VMware Data Services Manager (DSM) PostgreSQL Database transitions to NotOperational state with BackupLocationConnectivityIssue

Products

VMware Data Services Manager for VCF

Issue/Introduction

A managed PostgreSQL database cluster transitions to a CRITICAL alert level and a NotOperational state.

Client applications are unable to connect to the database, resulting in an outage.

Reviewing the PostgreSQL Cluster manifest (YAML) or running kubectl describe PostgresCluster <db-name> reveals the following condition statuses:

DatabaseEngineReady: False (Reason: postgres is not accepting connections normally)

WalArchiving: False (Reason: UnknownFailure)

AutomatedBackup: False (Reason: BackupLocationConnectivityIssue)

The error logs for the AutomatedBackup condition indicate a network timeout when connecting to the configured backup location (e.g., HostConnectError: timeout connecting to <S3-endpoint>:443).

Running df -h on the database VM shows the /data/vpgsql/pg_wal partition is at 100% capacity.

Environment

VMware Data Services Manager for VCF 9.x

Cause

This issue occurs when the database loses network connectivity to its configured backup storage endpoint (e.g., an S3 bucket).

VMware Data Services Manager utilizes pgBackRest for database backups and Write-Ahead Log (WAL) archiving. When the backup storage endpoint becomes unreachable, pgBackRest cannot offload the WAL files. To prevent data loss, pgBackRest indefinitely queues these WAL files on the local disk.

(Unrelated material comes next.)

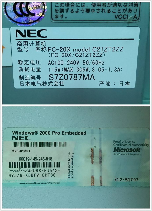 Model : NEC FC98-NX FC-20X MODEL C21ZT2ZZ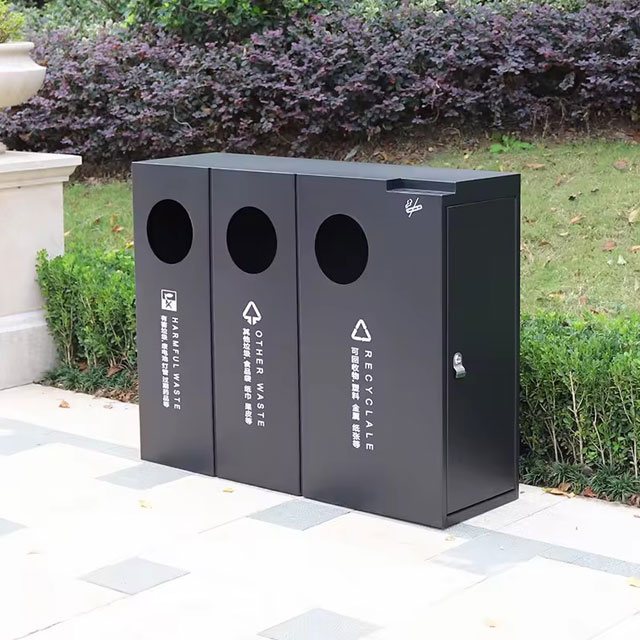 出口公園三分類不銹鋼垃圾桶可以采用201不銹鋼或者304不銹鋼板制造,頂部中心位置凸起出是這款桶創(chuàng)意方形兩連體設(shè)計,正反面油墨絲網(wǎng)印刷最新國標(biāo)分類標(biāo)識和禁煙標(biāo)識,側(cè)面可以定制絲印企業(yè)logo,垃圾桶兩個方形投口中間位置帶滅煙盒,帶三角鑰匙開門方便環(huán)衛(wèi)工人清理內(nèi)置廢物。

If the network connectivity is not restored, the queued WAL files will eventually consume 100% of the available disk space in the /data/vpgsql/pg_wal partition. Once the disk is completely full, the PostgreSQL engine initiates a protective halt to prevent database corruption, instantly dropping all connections and transitioning to the NotOperational state.

Resolution

To permanently resolve this issue, you must restore network connectivity between the DSM nodes and the configured backup storage endpoint. Once network routing is re-established, pgBackRest will automatically flush the queued WAL files to the backup target, freeing up local disk space and allowing the PostgreSQL engine to recover.

Workaround
If network connectivity cannot be restored immediately, you can use the following methods to temporarily restore database operations:

Option 1: Temporarily Expand Database Storage (Recommended Immediate Action)
Expanding the storage provides immediate breathing room for the database engine to transition out of the NotOperational state.

Log in to the vSphere Client or use the DSM API/manifest to increase the storage capacity of the affected database cluster's data disk.

Once the disk expands, PostgreSQL will have sufficient space to boot up and begin accepting connections while the root network issue is investigated.

Option 2: Modify WAL Archiving Parameters
If expanding the disk is not feasible, you can manually force the system to clear the WAL backlog. Note: Performing this action may break the continuous backup chain, requiring a new full backup once network connectivity is restored.

Log in directly or use an SSH client to access the DSM Provider Appliance .

Edit the /data/pgbackrest.conf file.

Search for the property archive-push-queue-max.

Reduce the default value (typically 60GiB) to a lower value. This forces pgBackRest to drop older WAL files and immediately frees up local data disk storage.

Additional Information

For more information see the following Techdoc:
Configure the Storage on a Data Disk in VMware Data Services Manager.